20 Years Since John Perry Barlow Declared Cyberspace Independence - sinak2
http://www.wired.com/2016/02/its-been-20-years-since-this-man-declared-cyberspace-independence/
======
vinceguidry
Every frontier eventually gets integrated into civilization. It's only a
matter of time. Civilization brings its laws and its infrastructure and its
masses of people. As civilization is bigger than the frontier, the
frontiersmen either have to civilize themselves, or move on to another
frontier.

The nice thing about the Internet is that it is particularly hard to civilize.
It's incredibly hard to wrap laws, which have to be enforced, around
information technology. There is always more information than there is people
to look at it. So the Internet offers an "endless frontier" of sorts. The
Chinese government is famously grappling with this.

Such a thing is not unprecedented, there are plenty of arenas where there is
always going to be room for intrepid settlers to voyage to and scrape out an
individualistic experience in. Academia is such a place.
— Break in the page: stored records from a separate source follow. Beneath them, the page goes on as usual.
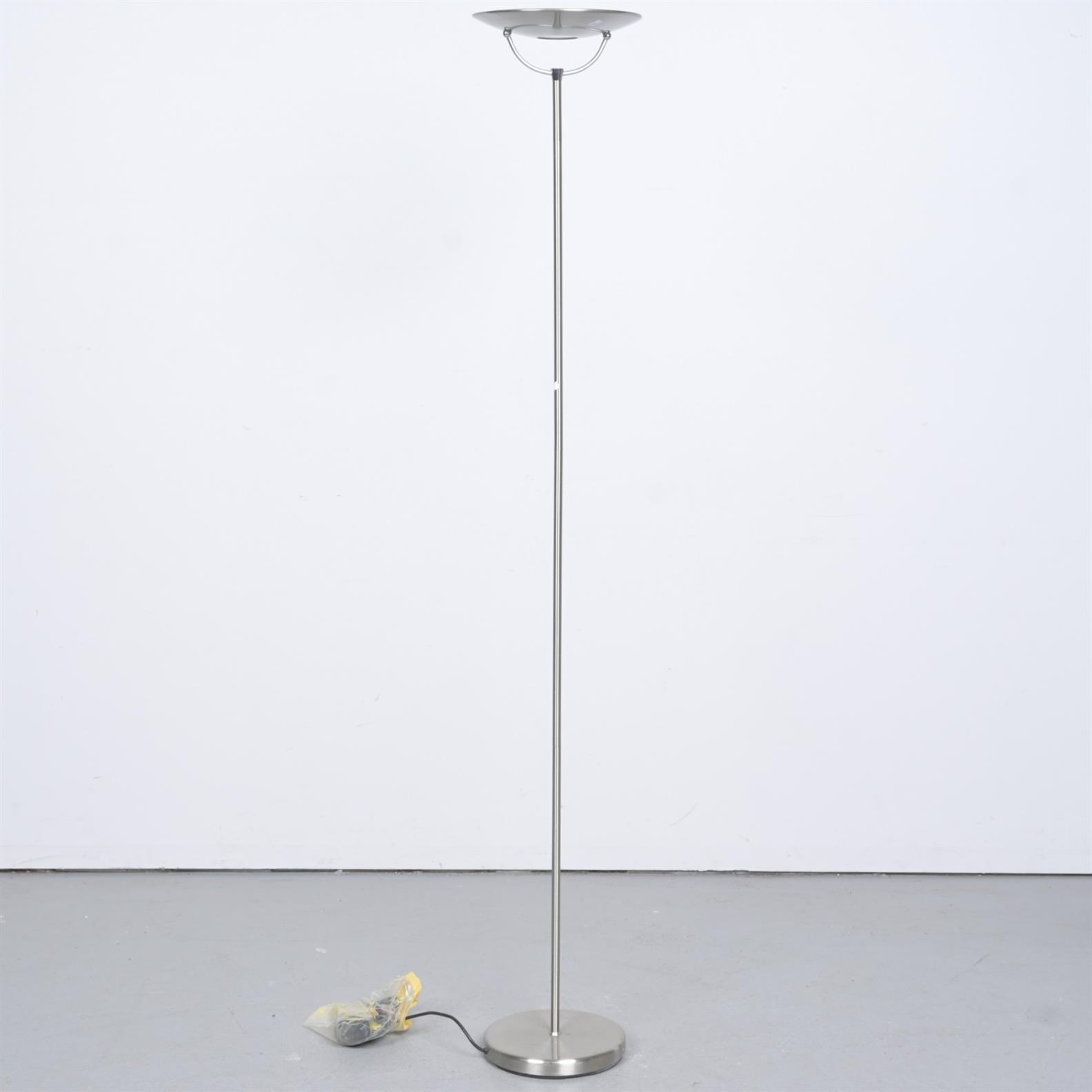 A CONTEMPORARY CHROMED METAL HALOGEN UPLIGHT (180H X 29D CM)
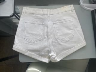 Vaqueros cortos de estilo clásico. - Cintura alta. - Bolsillos delanteros y traseros. - Dobladillo en los bajos.
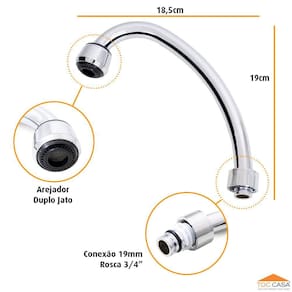 Possui design sofisticado e material de excelente qualidade, com Bica e arejador produzidos em ABS cromado, arejador possui duplo jato que permite alterar facilmente de jato chuveirinho para jato continuo, além de colaborar com a economia de água, confere praticidade tornando-a ideal para sua torneira de cozinha.
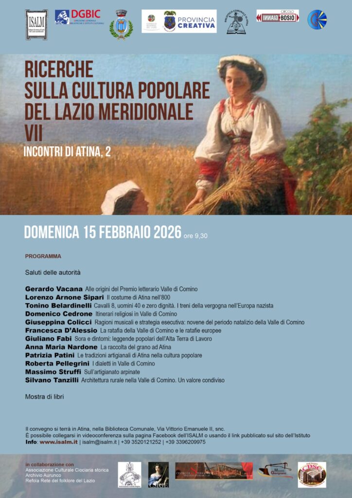 ATINA – Domenica 15 febbraio, a partire dalle ore 9.30, la biblioteca comunale di Atina ospiterà il secondo appuntamento degli “Incontri di Atina”, iniziativa promossa dal Istituto di Storia e Arte del Lazio Meridionale (ISALM) dedicata alla cultura popolare del Lazio meridionale e, in particolare, della Valle del Comino.

Doesn't matter how
civilized the university gets, there is always room for more people pushing
the boundaries of institutionalized knowledge.

We should welcome society into the Internet. Powerful ideas are bigger than
even society, so the Internet will forever remain a place where good ideas
thrive. It is society that will be changed by the Internet, not the Internet
by society. Society will make its settlements, and people fearful of the rough
frontier lifestyle will cling to these settlements, but it won't keep them
safe from the powerful ideas generated further out.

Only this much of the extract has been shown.